▶ _Task item_: Please write out exactly the lines of the data below from the line holding "Prague 8-Drawer Silver" through the line holding "2年生では,前転,後転,側転,とび前転に挑戦します。", and leave out the rest.

▶ _Available data_:

_____

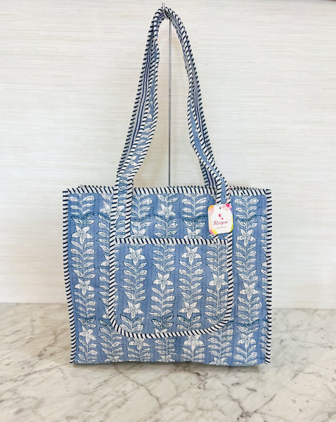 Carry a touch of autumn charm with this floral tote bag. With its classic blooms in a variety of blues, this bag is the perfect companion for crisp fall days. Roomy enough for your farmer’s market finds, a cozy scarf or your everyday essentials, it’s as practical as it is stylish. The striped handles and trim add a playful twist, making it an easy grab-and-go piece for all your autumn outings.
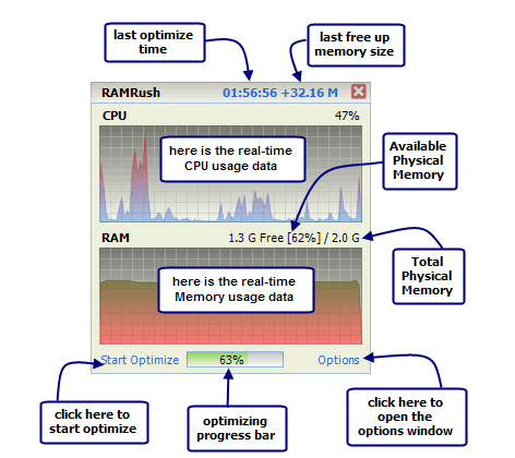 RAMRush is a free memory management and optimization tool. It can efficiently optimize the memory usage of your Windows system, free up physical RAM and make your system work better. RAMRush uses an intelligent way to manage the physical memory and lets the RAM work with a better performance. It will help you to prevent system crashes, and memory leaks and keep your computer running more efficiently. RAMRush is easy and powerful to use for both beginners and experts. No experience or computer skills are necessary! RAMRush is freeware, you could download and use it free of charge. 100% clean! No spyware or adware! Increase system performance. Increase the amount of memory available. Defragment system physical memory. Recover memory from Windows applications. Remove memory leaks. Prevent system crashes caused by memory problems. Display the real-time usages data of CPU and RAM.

_____

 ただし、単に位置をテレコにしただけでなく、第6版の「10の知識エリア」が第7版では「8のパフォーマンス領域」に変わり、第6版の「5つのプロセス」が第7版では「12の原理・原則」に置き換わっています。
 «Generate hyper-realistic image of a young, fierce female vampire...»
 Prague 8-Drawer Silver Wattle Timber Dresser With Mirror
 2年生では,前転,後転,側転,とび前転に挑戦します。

_____

▶ _Result for this task_:
 Prague 8-Drawer Silver Wattle Timber Dresser With Mirror
 2年生では,前転,後転,側転,とび前転に挑戦します。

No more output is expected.